Una reforma Constitucional que por otra parte sería harto improbable en los tiempos que vivimos y que además dejaría intactos la gran mayoría de los afloramientos que han sido reconocidos mediante leyes específicas como la ley del CGPJ o la ley orgánica del poder judicial.
Si en realidad se pretendiese un cambio real para evitar la degeneracion de la prerrogativa en privilegio, y no solo el recurso al método y a la propaganda política, se trataría de cambiar solo la degradación partidista en el nombramiento y el funcionamiento del CGPJ y con ello de los criterios de promoción de los miembros del Tribunal Supremo.
El legislador constitucional quiso –y eso constituye la esencia de la naturaleza y estructura del CGPJ- un órgano numeroso y plural, en correspondencia con la diversidad de sensibilidades y tendencias de una sociedad también plural y diversa que por medio de sus representantes políticos en el Parlamento nacional elige y legitima a los vocales que integran el Consejo para el cumplimiento de sus fines constitucionales.
Pero el modelo se ha pervertido.
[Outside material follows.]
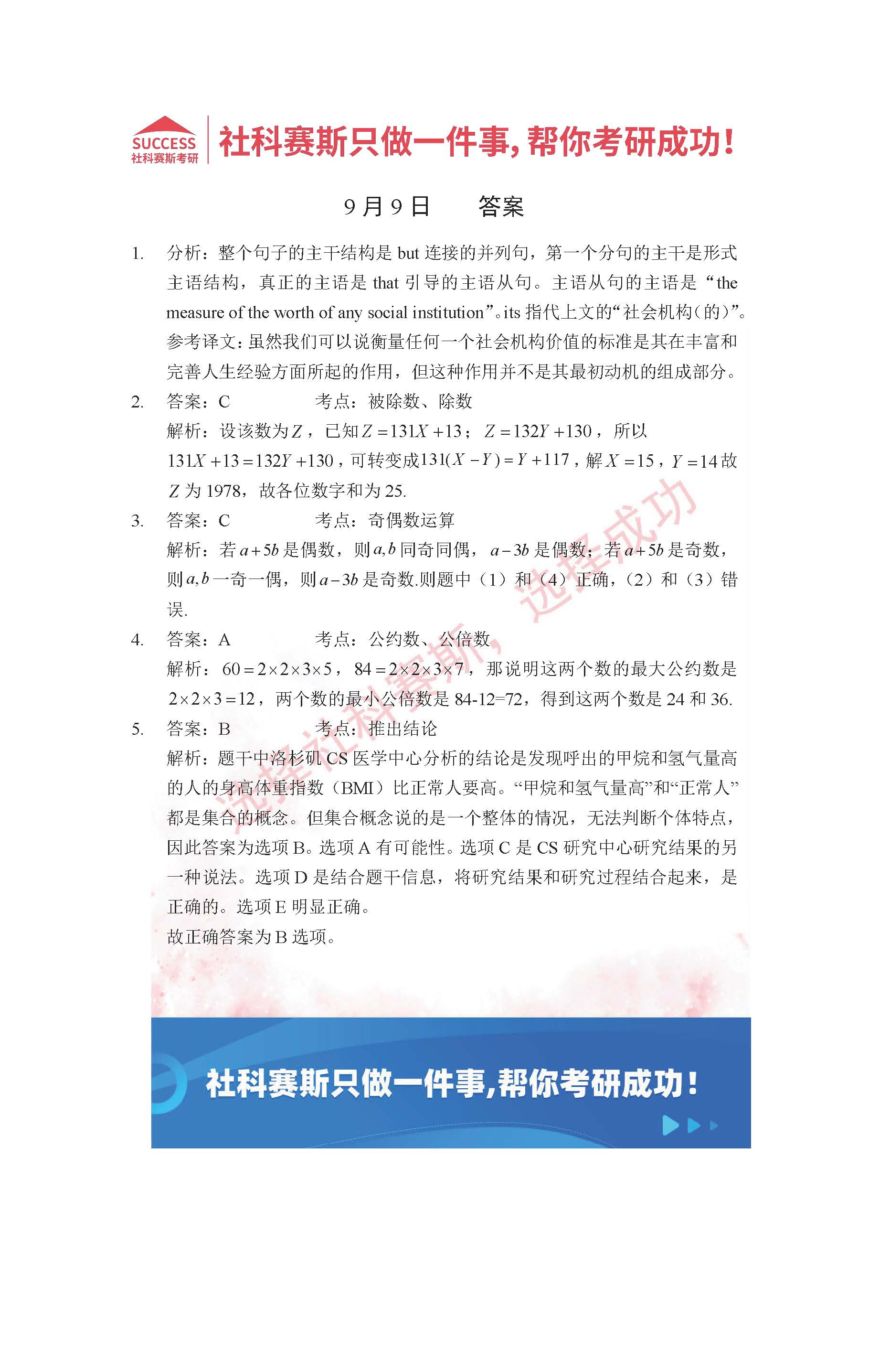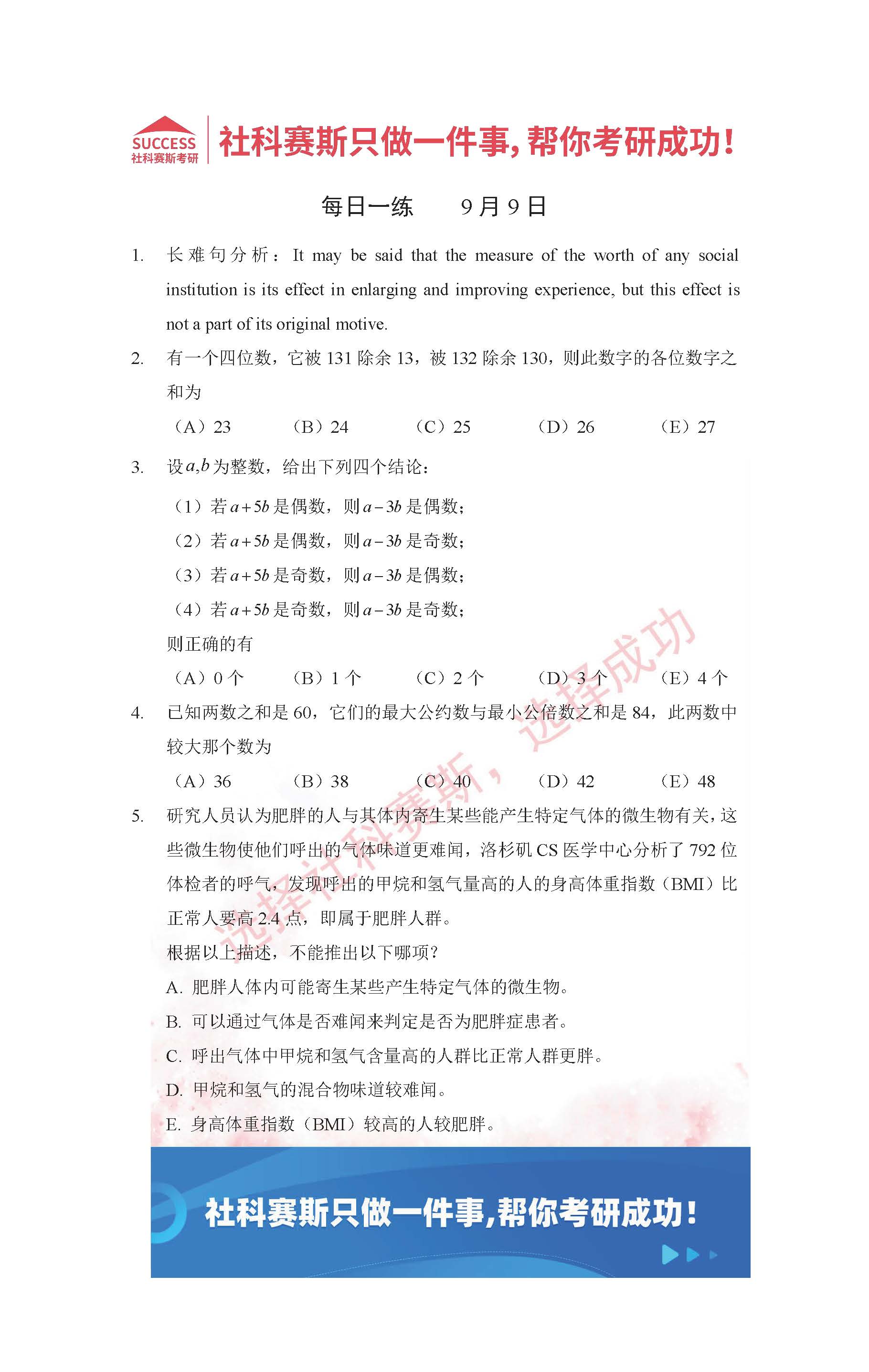 導(dǎo)讀:考研是一場持久戰(zhàn),保持良好的學(xué)習(xí)習(xí)慣,是能確保復(fù)習(xí)高效的關(guān)鍵。今天社科賽斯MBA備考網(wǎng)小編整理了“2022管理類聯(lián)考9月9日每日一練及答案”的內(nèi)容,希望能對廣大考生有所幫助。

En realidad, hoy día el cauce para el acceso al CGPJ no es parlamentario sino partitocrático, y está basado en intereses cortoplacistas y sectarios de los partidos políticos mayoritarios, cuyos resultados tampoco se solucionan mediante la intervención de las asociaciones judiciales, por otra parte de escasa representatividad real entre la carrera.
En cuanto a los miembros del Supremo, las formas importan –como mínimo- tanto como las normas. Cambiar las normas solamente puede ser una variante del “gatopardismo”. Lo relevante es cambiar la forma de plantear, de enfocar las designaciones, que deben estar guiadas por criterios de mérito, capacidad y honestidad en los candidatos, establecer mecanismos de evaluación objetiva y procedimientos transparentes de nombramiento y de control, generando cultura ética en unos y en otros, en quienes designan y en quienes son designados.
No hay que confundir pues el privilegio injustificado con las prerrogativas para ejercer el cargo ni las necesarias reformas constitucionales y estatutarias con poner coto al desafuero.